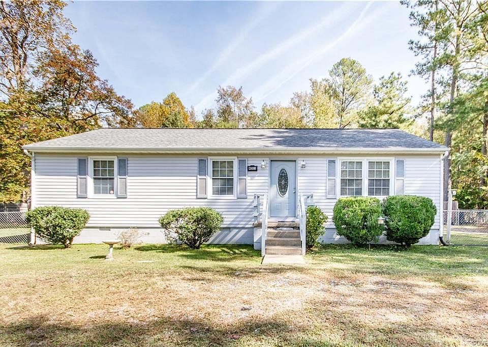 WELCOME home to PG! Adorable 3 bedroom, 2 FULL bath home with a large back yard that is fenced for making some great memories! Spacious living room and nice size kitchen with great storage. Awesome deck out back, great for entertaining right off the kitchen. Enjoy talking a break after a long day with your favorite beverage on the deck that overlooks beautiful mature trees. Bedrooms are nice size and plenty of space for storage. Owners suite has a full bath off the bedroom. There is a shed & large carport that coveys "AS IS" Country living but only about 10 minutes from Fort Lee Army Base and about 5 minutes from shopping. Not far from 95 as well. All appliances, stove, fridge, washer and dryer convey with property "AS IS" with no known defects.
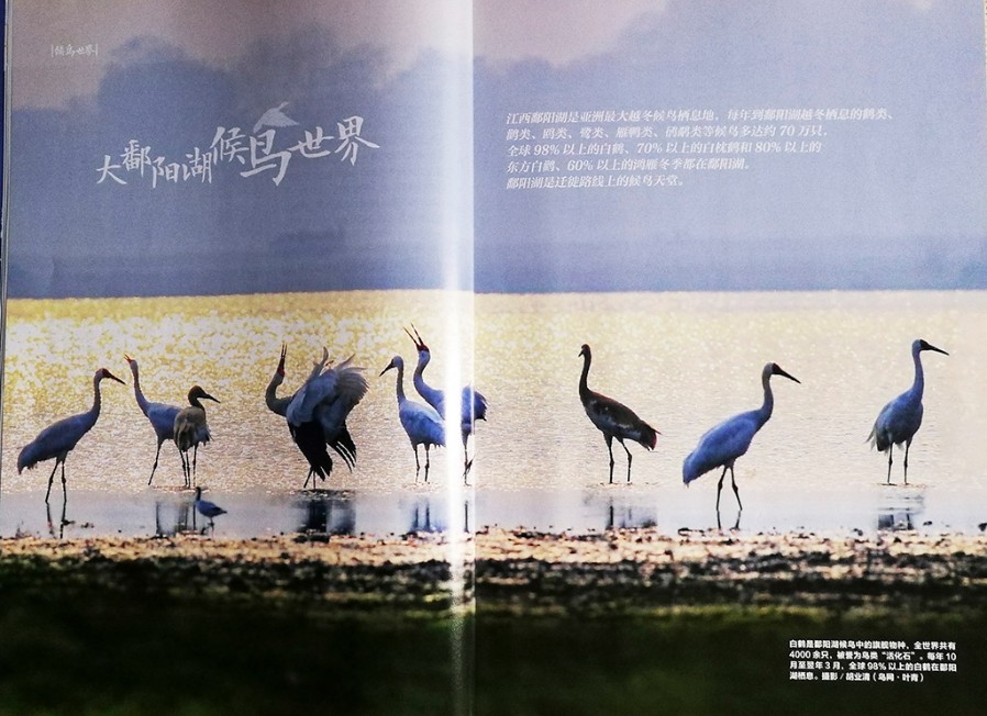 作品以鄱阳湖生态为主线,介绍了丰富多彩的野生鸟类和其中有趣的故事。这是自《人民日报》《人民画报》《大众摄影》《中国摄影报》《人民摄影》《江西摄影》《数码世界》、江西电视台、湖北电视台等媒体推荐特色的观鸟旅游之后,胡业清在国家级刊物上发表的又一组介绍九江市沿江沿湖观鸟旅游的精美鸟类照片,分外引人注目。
--
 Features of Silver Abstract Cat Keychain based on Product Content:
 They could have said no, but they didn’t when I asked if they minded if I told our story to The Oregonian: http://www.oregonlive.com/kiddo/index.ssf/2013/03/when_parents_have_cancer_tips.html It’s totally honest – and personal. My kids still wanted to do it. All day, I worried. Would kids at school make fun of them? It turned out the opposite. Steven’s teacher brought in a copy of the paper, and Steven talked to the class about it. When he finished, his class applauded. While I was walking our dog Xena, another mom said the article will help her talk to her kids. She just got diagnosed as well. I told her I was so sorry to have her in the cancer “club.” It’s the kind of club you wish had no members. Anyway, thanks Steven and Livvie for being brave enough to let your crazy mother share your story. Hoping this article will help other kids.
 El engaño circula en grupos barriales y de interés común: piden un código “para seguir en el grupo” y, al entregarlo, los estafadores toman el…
* * *
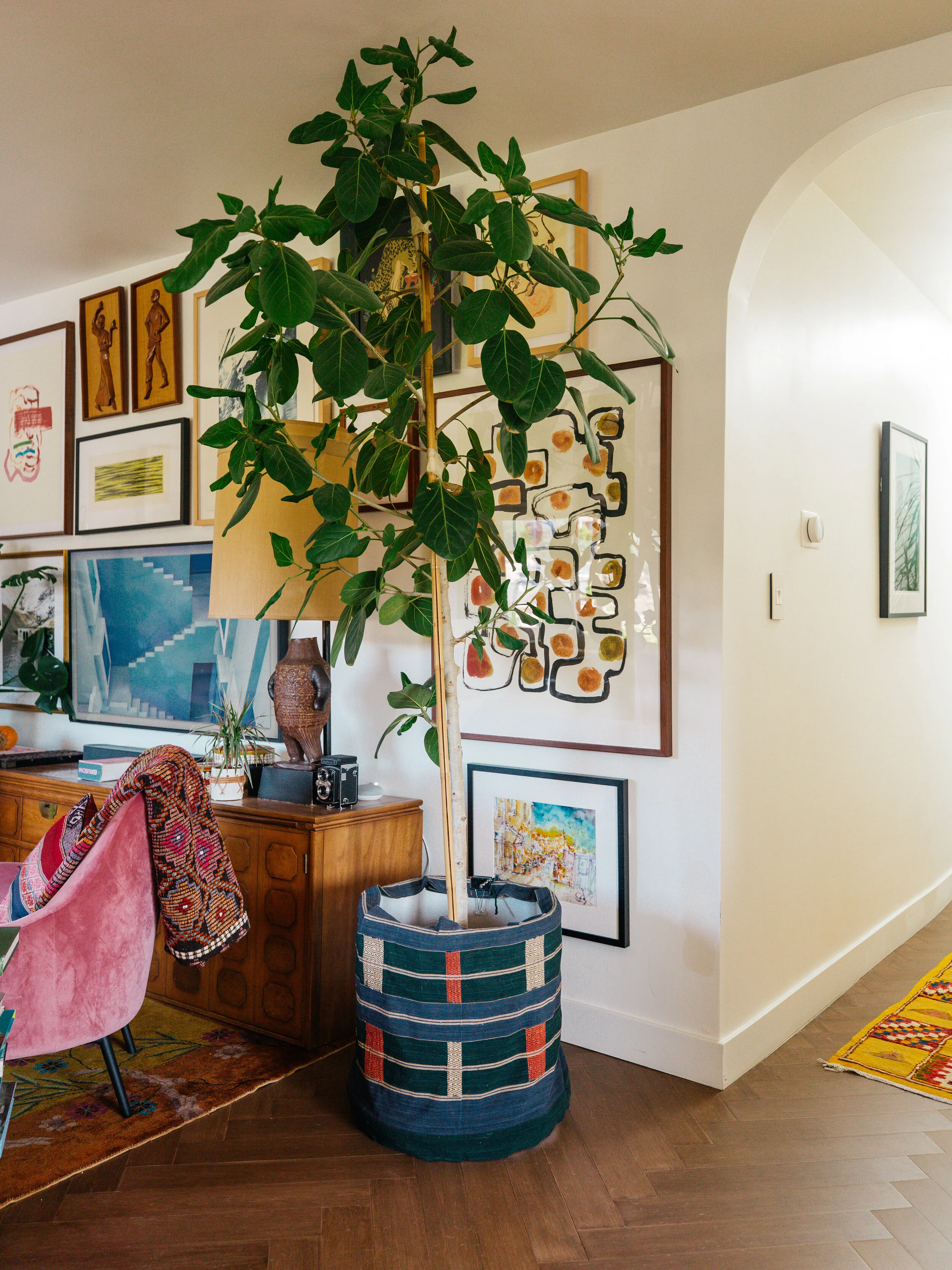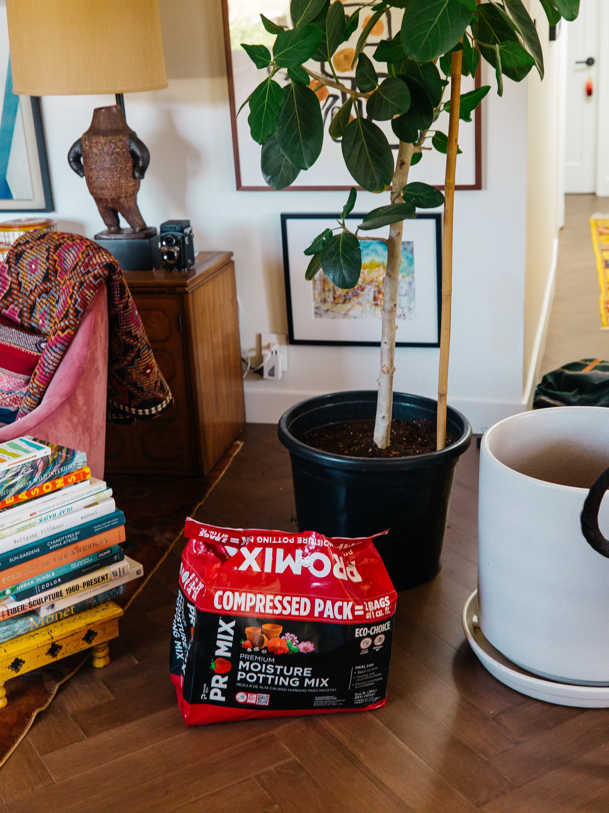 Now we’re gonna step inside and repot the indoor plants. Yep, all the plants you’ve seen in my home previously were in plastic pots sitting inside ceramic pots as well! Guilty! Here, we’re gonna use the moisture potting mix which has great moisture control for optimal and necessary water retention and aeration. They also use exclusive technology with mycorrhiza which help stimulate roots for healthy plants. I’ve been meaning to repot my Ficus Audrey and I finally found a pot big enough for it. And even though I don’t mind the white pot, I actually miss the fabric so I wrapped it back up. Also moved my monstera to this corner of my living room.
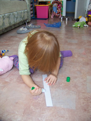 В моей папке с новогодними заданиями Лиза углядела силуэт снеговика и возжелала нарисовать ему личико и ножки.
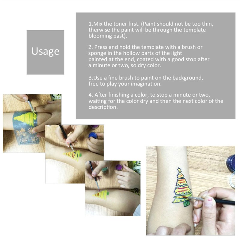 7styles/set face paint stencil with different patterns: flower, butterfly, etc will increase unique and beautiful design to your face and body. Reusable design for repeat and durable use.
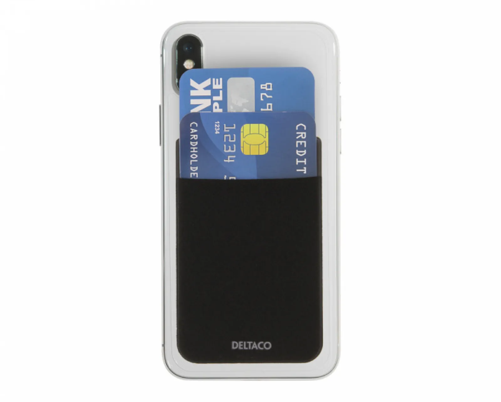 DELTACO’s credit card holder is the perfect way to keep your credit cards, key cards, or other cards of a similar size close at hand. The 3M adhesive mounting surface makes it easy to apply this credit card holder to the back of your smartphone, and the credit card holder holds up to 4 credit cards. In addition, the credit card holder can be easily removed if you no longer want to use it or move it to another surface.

**EXERCISE INSTRUCTIONS:**
Given the records above, return the lines starting at the one that holds "В моей папке" and ending at the one that holds "7styles/set face paint", exactly, and nothing besides; leave every picture out.

**SOLUTION:**
 В моей папке с новогодними заданиями Лиза углядела силуэт снеговика и возжелала нарисовать ему личико и ножки.
 7styles/set face paint stencil with different patterns: flower, butterfly, etc will increase unique and beautiful design to your face and body. Reusable design for repeat and durable use.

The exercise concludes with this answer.